Property developers in the UAE are discounting Chinese buyers from their new projects and also see less participation due to growing coronavirus concerns.
Real estate companies say that they have not faced any payment challenges from existing buyers from China but will wait for six months before committing to them again for their projects due to prevailing uncertainty.
"In general, UAE developers have lowered their budgets for sales and marketing aimed at potential buyers from the Far East, specifically those from China. We expect less participation from the Chinese buyers when it comes to new projects, at least until the third quarter of 2020," said Kalpesh Kinariwala, founder and chairman of Pantheon Group.
"We do not foresee any issues with regards to the existing Chinese clients with post-handover payment plans. We do, however, expect to see less participation from Chinese investors for at least the next six months," he added.
Dubai-based Samana Developers was also pinning hopes to attract a fairly large chunk of its sales coming from Chinese buyers for its newly-launched Dh100 million Samana Golf Avenue project in Dubai Studio City.

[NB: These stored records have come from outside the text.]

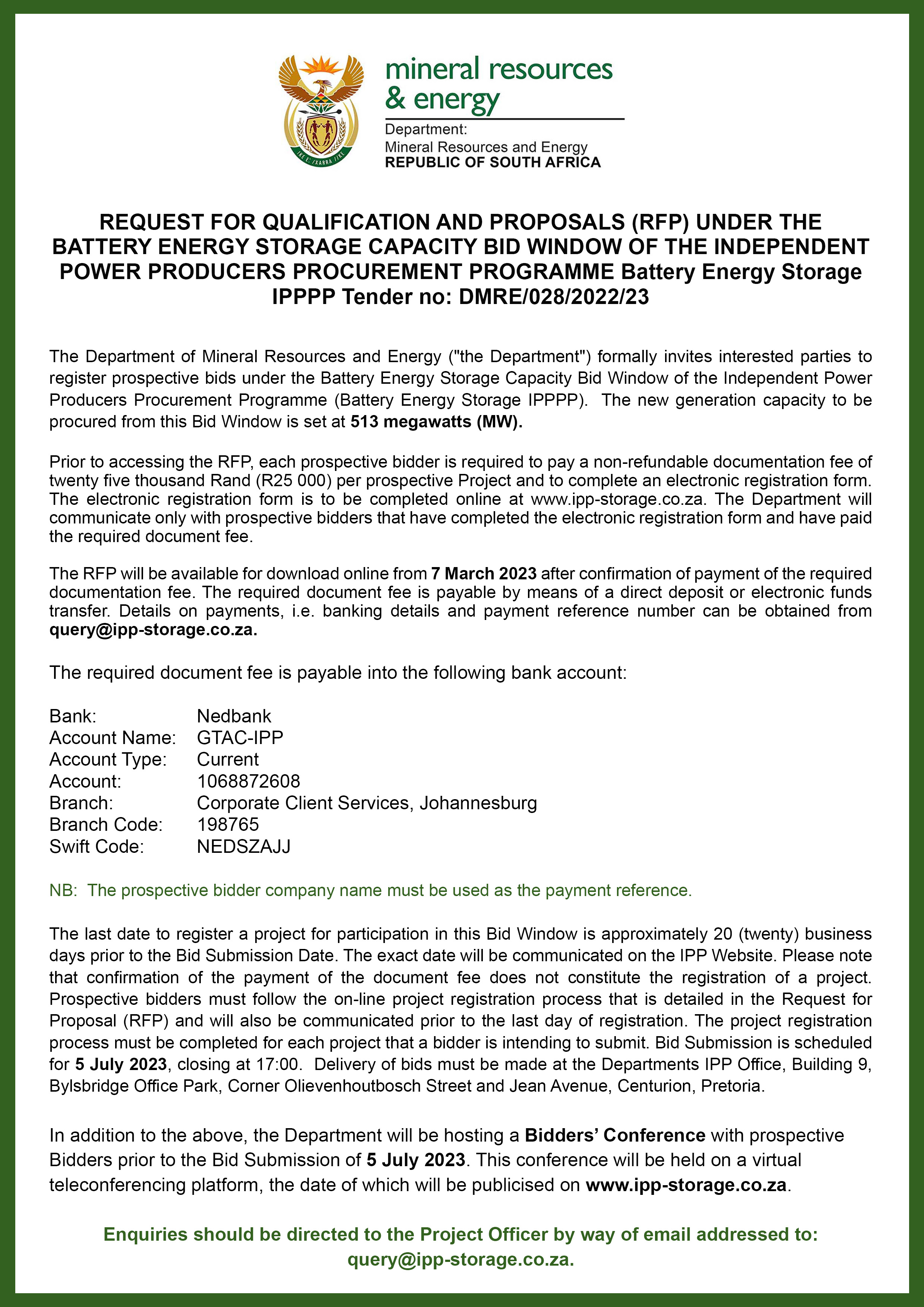 REQUEST FOR QUALIFICATION AND PROPOSALS (RFP) UNDER THE BATTERY ENERGY STORAGE CAPACITY BID WINDOW OF THE INDEPENDENT POWER PRODUCERS PROCUREMENT PROGRAMME Battery Energy Storage IPPPP Tender no DMRE/028/2022/23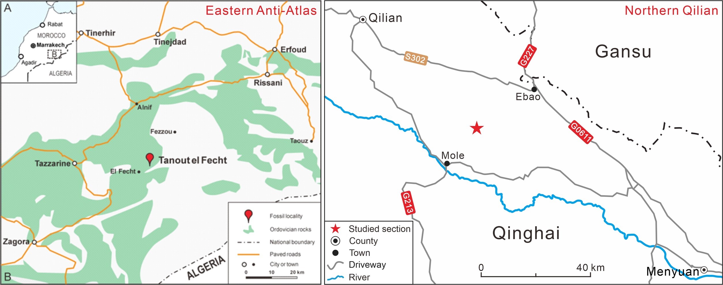 Geographical location of study areas and sections (Left: Anti-Atlas; Right: Qilian)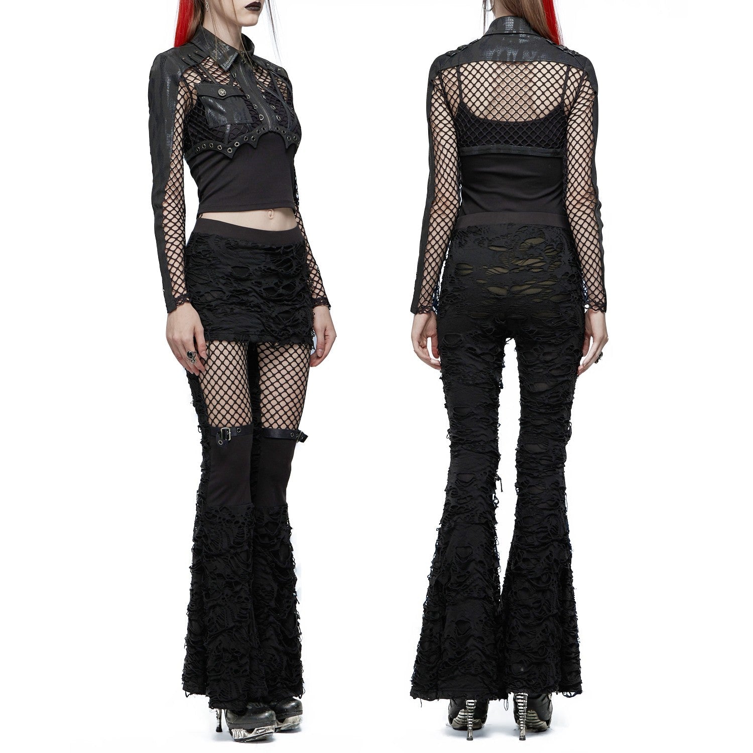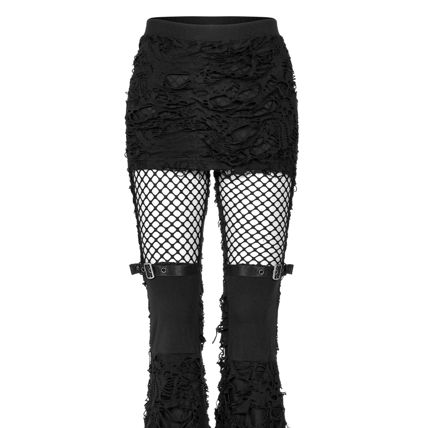 Legging preto e largo com design rasgado. Rede e fivela nas coxas.

But the developer has shifted its focus and will look to tap buyers from other countries.
"We were expecting 40 per cent of sales from Chinese buyers. Despite 0 per cent participation from Chinese customers now, we will still achieve our target and expect to sell out the project in a maximum of four to six weeks time," said Imran Farooq, CEO of Samana Developers.
Coronavirus has caused widespread concern across the world, affecting travel and tourism to and from China. Also, investments to and from the country have also taken a hit due to severe travel restrictions in China and other countries hit by coronavirus.
According to the Dubai Land Department (DLD), Chinese investors had pumped in up to Dh14.3 billion into the emirate's property market by August 2018 and were among the top 10 investors. They also ranked fifth by international investor nationality as per DLD transaction data for the third quarter of 2018, investing over Dh1.7 billion in the emirate's property market during that period. As per Dubai Tourism, Chinese tourists are the fifth-largest source market by visitors to Dubai, accounting for over 1.03 million in 2019, marking a 15 per cent year-on-year increase.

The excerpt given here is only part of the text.